I’m on a real downer.
Ali

Hi Ali

If I could hold your hand or give you a hug I would be there. Sometimes I think God tests us for something only He knows about in the future but doesn’t it make things really hard in the here and now. Why some people sail through their lives with hardly any problems and then others get everything including the kitchen sink thrown at them I do not know. It always seems to be all at once too. Just try to think that tomorrow is another day and hopefully it will be a little better, if not then there is the day after that. Sooner or later you WILL get it sorted, you WILL feel better and you WILL do the things you want to, maybe not as you wished but in a different way, just keep pushing and pushing until you are happy with what is being offered to help you.
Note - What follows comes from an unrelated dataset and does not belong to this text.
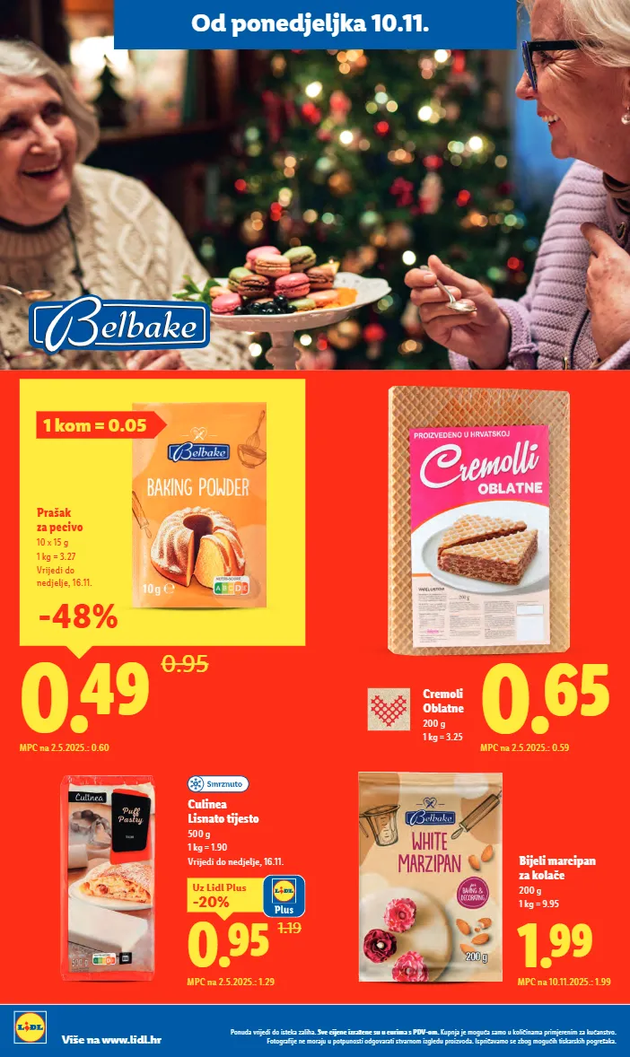 Culinea Lisnato tijesto 500 g 1 kg = 1.90 Vrijedi do nedjelje, 16.11. 1.19 0.95 -20% Uz Lidl Plus MPC na 2.5.2025.: 1.29 1.99 MPC na 10.11.2025.: 1.99 Bijeli marcipan za kolače 200 g 1 kg = 9.95 0.49 0.95 Prašak za pecivo 10 x 15 g 1 kg = 3.27 Vrijedi do nedjelje, 16.11. MPC na 2.5.2025.: 0.60 -48% Cremoli Oblatne 200 g 1 kg = 3.25 0.65 MPC na 2.5.2025.: 0.59 1 kom = 0.05 Od ponedjeljka 10.11. Ponuda vrijedi do isteka zaliha. Sve cijene izražene su u eurima s PDV-om. Kupnja je moguća samo u količinama primjerenim za kućanstvo. Fotografije ne moraju u potpunosti odgovarati stvarnom izgledu proizvoda. Ispričavamo se zbog mogućih tiskarskih pogrešaka. Više na www.lidl.hr

When you hit rock bottom there is only one way to go and that’s UP. I am trying to send positive thoughts to you - keep talking to us it really does help.

Love Jan

Hi Ruth,
Thanks for your hugs and thoughts. I knew you would understand the frustration I feel.
Love Ali

Hi Jan
Yes, I know God’s plans will become clear eventually and I search for peace there. I know there is light at the end of this tunnel, I just can’t see it yet so in the dark I reach for your hand and find comfort in your positive thoughts.